El arquitecto volvió la cabeza unos instantes.
—Estáis circuncidado —prosiguió Salomón—. Si fuerais hebreo, eso sería la marca visible, en vuestra propia carne, de la alianza con Dios. Los tirios no están circuncidados. Y vos no sois hebreo, ni Tirio. Salvo la gente de mi pueblo, sólo los egipcios de alto linaje practican ese rito sagrado. Me ocultasteis vuestros orígenes. ¿Cómo poder admitir que un egipcio ha construido el templo de Yahvé? Debería mataros con mis propias manos. ¿No habréis colocado en los muros del santuario algún secreto pagano que lo desnaturalice?
—¿No buscáis la sabiduría, Majestad? ¿Ignoráis cual es la luz oculta en el corazón de los templos de Egipto? Fui educado, allí, por los hijos de los constructores de pirámides. Ellos formaron mi espíritu. Amón o Yahvé. Sólo varían los nombres del principio, Él permanece. La sabiduría es radiación, no doctrina. Nada la oscurece. Quien la venera desde la aurora tal vez la encuentre, por la noche, sentada a su puerta. Quiera Dios haberme permitido permanecer fiel a las enseñanzas de los antiguos y no haberos traicionado.
—Prefiero la sabiduría al cetro y el trono —dijo Salomón—. La prefiero a la riqueza. Ningún tesoro puede comparársele. Ante ella, todo el oro de Saba es sólo un grano de arena. La prefiero a la belleza y la salud. Ella me dio la ciencia del gobierno, ella me hizo conocer las leyes de este mundo, la sellada naturaleza de los elementos, el lenguaje de los astros, los poderes de los espíritus, las virtudes de las plantas. Pero escapa, huye a lo lejos. ¿La habéis encerrado en las piedras del templo, maestre Hiram? ¿Cómo he podido permitir que un egipcio dirigiera los obreros de mi reino? ¿No he demostrado ser un mal rey?
—No conocía vuestro pueblo ni vuestra tierra. He aprendido a amarlos.
—Pero seguís siendo egipcio.
—¿Qué nos separa, Majestad?
—El acontecimiento que se celebrará cuando se inaugure el templo la salida de los hebreos de Egipto, la liberación de mi pueblo oprimido por el vuestro.
—Sabéis tan bien como yo que no se produjo como estáis diciendo. Los hebreos fabricaban ladrillos en Egipto. Recibían un salario por su trabajo. Nadie les había reducido a una condición miserable. La esclavitud nunca ha existido en Egipto. Es contraria a las leyes del cosmos, del que el faraón es hijo y garante ante sus súbditos. Moisés ocupaba un alto cargo en su corte. Salió de Egipto para fundar Israel con el acuerdo del faraón a quien servía.

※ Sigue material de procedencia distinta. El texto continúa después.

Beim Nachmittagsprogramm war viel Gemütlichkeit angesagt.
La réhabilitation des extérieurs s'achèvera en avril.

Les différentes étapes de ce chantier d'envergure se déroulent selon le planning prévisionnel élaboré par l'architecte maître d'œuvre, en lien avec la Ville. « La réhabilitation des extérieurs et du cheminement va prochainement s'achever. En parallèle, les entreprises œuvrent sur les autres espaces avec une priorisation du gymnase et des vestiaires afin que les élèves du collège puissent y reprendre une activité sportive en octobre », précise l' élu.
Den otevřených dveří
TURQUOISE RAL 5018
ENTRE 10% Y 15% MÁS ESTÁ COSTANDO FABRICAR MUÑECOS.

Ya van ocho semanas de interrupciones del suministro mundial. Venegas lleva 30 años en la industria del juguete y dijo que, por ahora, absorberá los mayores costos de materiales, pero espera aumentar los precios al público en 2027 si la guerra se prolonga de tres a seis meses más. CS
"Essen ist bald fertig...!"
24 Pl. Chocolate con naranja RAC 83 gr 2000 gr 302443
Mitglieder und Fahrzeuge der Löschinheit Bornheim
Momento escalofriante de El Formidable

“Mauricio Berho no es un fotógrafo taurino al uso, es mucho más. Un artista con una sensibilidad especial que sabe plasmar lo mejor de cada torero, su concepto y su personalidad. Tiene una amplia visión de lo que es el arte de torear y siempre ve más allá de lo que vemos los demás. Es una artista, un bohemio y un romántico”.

—Maestre Hiram, ni vos ni yo debemos divulgar este secreto. Nadie está preparado todavía para escucharlo. La memoria de mi pueblo se ha nutrido con el relato contenido en nuestro libro sagrado. Es el fundamento de nuestra historia y es demasiado tarde para modificarla.

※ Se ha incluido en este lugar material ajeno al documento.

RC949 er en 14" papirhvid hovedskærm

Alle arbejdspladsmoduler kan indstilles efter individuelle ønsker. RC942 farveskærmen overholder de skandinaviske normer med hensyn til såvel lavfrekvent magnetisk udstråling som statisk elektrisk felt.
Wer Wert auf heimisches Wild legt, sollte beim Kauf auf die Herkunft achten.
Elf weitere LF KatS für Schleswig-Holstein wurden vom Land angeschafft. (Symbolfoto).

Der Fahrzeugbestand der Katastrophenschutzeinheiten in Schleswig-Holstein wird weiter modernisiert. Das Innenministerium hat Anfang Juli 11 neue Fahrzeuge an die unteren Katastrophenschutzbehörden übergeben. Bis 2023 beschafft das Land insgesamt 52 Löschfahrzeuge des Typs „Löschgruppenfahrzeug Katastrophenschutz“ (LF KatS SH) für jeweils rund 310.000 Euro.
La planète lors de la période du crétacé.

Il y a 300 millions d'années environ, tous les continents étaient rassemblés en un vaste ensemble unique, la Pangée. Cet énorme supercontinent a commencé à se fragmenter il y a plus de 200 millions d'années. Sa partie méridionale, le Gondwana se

—No os creo, Majestad. Con el templo erigido en la roca de Jerusalén, habéis decidido establecer un nuevo pacto entre Dios e Israel, que será una nueva alianza entre Egipto e Israel. Desunidos, ni el uno ni el otro conocerán la paz.

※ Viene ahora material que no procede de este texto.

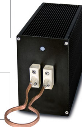
TÊTE DE CHAUFFE HH19 pour Power Cube 720/200

* Les inducteurs des figures ne sont montrés qu'à titre d'exemple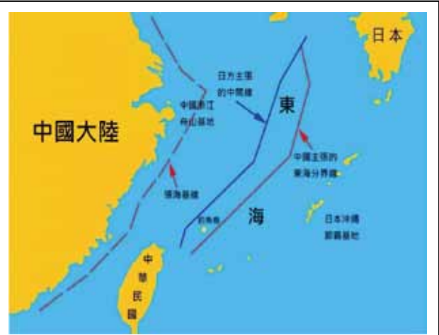
圖三：中日東海主權主張示意圖

南海海域大致可劃分為兩區域，一是東北部和東部的深水區，二是西部和南部的大陸架區域。大陸架區域包括從臺灣海峽經北部灣延伸到其他大陸架的海床，在大陸架上有許多小島嶼和淺灘，包括東沙(Pratus Islands)、中沙(Macclesfield Islands)、西沙(Paracel Islands)及南沙(Spratly Islands)四個群島。就島嶼主權爭端而言，所涉及的區域包括南沙(含黃岩島)和西沙群島。西沙群島方面為與越南的爭端，1974年中共收復被越南侵占的西沙永樂群島，但越南仍不放棄對該群島的主權要求；南沙群島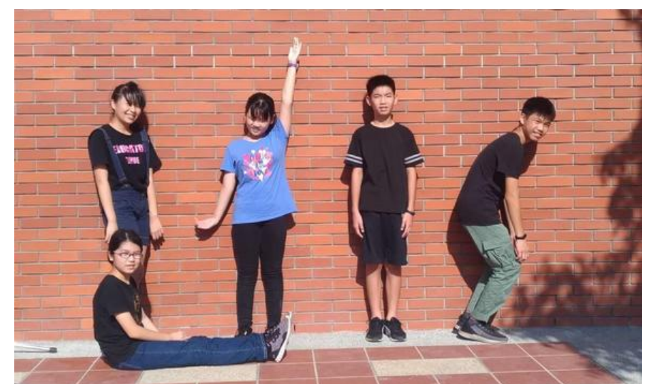
首屆新生闖關畫面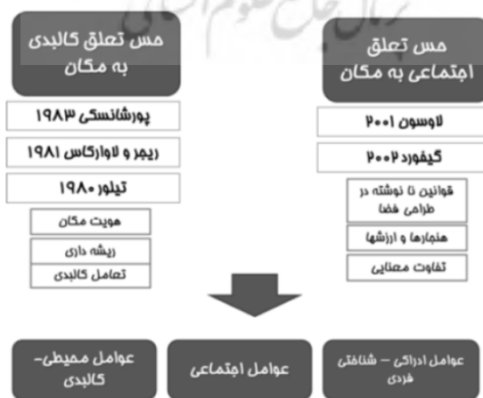
شکل ۲. ابعاد مختلف حس تعلق (Source: Gifford et al., 2002) Fig. 2: Dimensions of sense of belonging (Source: Gifford et al., 2002)

مکان منظر صوتی بر کیفیت ادراک ما در ارزیابی منظر صوتی مؤثر است و در این میان پیاده‌روی صوتی نقش بسزایی در ادراک منظر صوتی و احساس تعلق به مکان دارد (Nilsson, 2007). بر این اساس، در درک منظر صوتی یک مکان، رابطه بین ادراک محیط صوتی و زمینه و بستر محیطی بسیار بااهمیت است (Jeon & Hong, 2015). ارزیابی افراد از منظر صوتی، بیش از آن که تحت تأثیر خصوصیت‌های آکوستیکی باشد، با مؤلفه‌های شناختی در ارتباط است (Davies et al., 2013) از همین رو است که انواع منابع صوتی در رابطه با مؤلفه‌های ادراکی صدا قرار می‌گیرند (Axelsson et al., 2010). همچنین طول مدت مواجهه با صدا نیز می‌تواند بر درک منظر صوتی اثرگذار باشد (Kang, 2006). صدای محیط می‌تواند واکنش‌های ذهنی ایجاد کند که ممکن است مناسب، خوشایند، آشنا و مناسب برای ارتباط با محیط باشد. چنین صفات و معانی تأثیر عمیقی بر ارزیابی منظر صوتی می‌گذارد (Cain et al., 2013). البته سنجش و ارزیابی‌های ذهنی منظر صوتی، به‌طور قابل توجهی وابسته به نوع منبع صوتی است (Ren et al., 2018). ترجیحات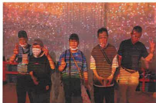
神戸 a t o a 水族館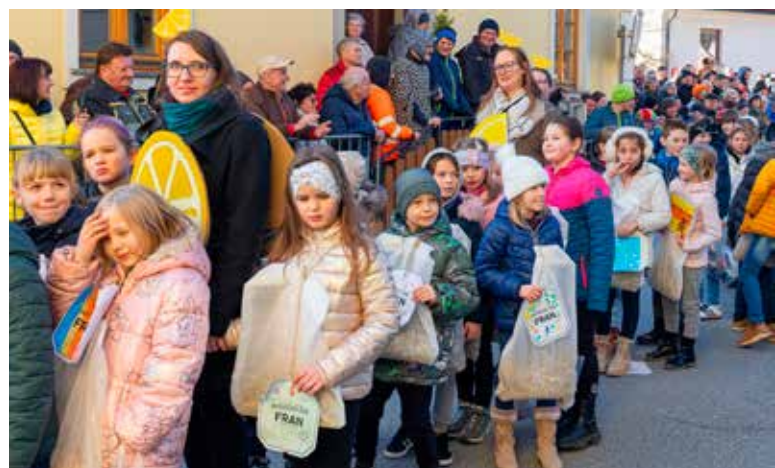
ČAJ IN LIMONICE, OŠ Anton Bezenšek Frankolovo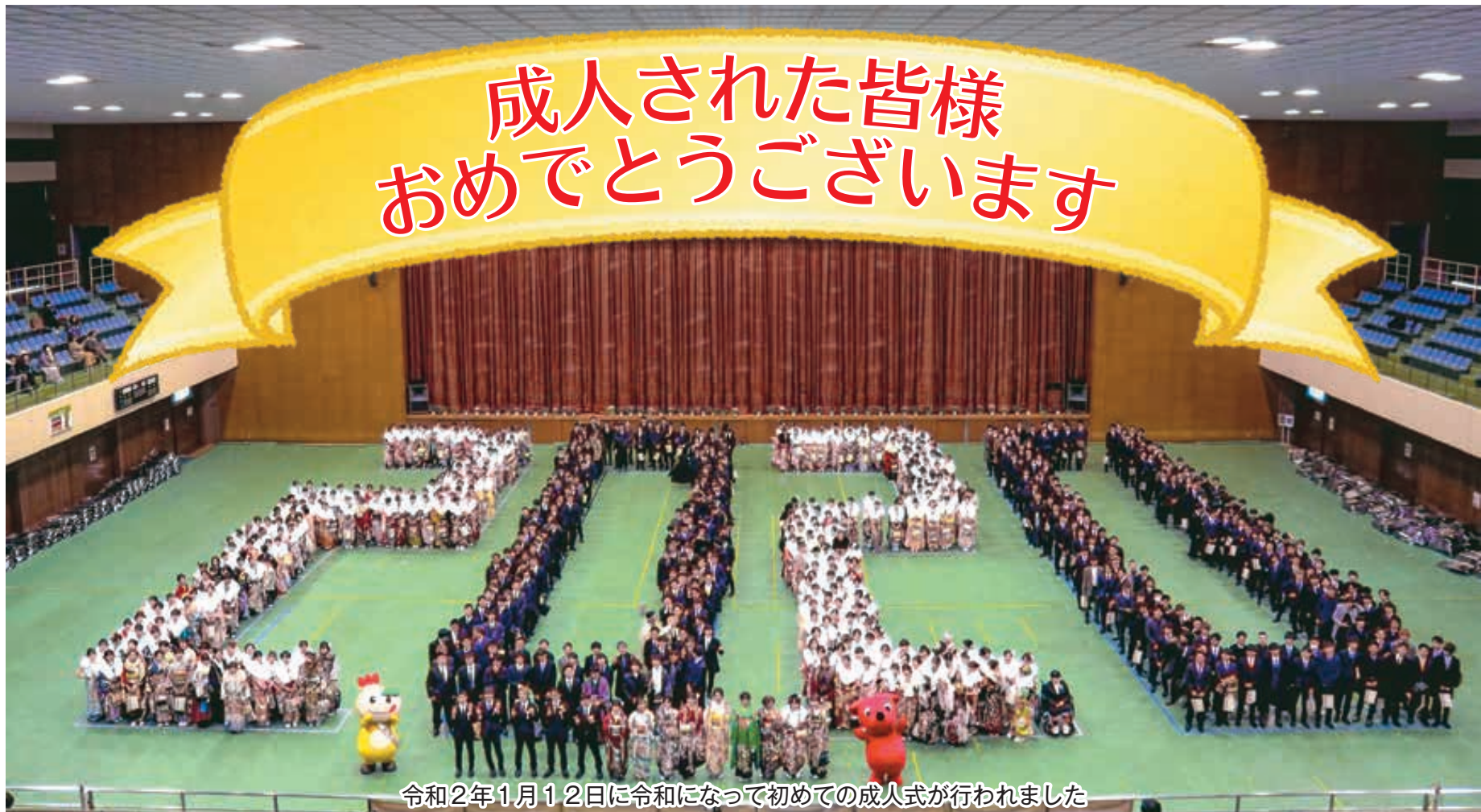
令和2年1月12日に令和になって初めての成人式が行われました

発行 鎌ヶ谷市議会 編集 議会だより編集委員会 〒273-0195 鎌ヶ谷市新鎌ヶ谷二丁目6番1号 電話 047(445)1191 (直通) FAX 047(445)2053

Hiram leía en el alma de Salomón, Salomón en el alma de Hiram. No se lo confesaron, temiendo romper el mágico vinculo que les unía.
Salomón sabía que el maestro de obras no iba a perdonarse nunca la muerte de sus obreros, y, por su parte, Hiram sabía que el rey le reprocharía haber ocultado su origen egipcio. Pero el secreto que compartían les hacía hermanos en espíritu.
—El templo es la carne de Dios —prosiguió Hiram—. El rey lo hace vivo. Vos sois el único mediador entre vuestro pueblo y Yahvé. El único, Majestad.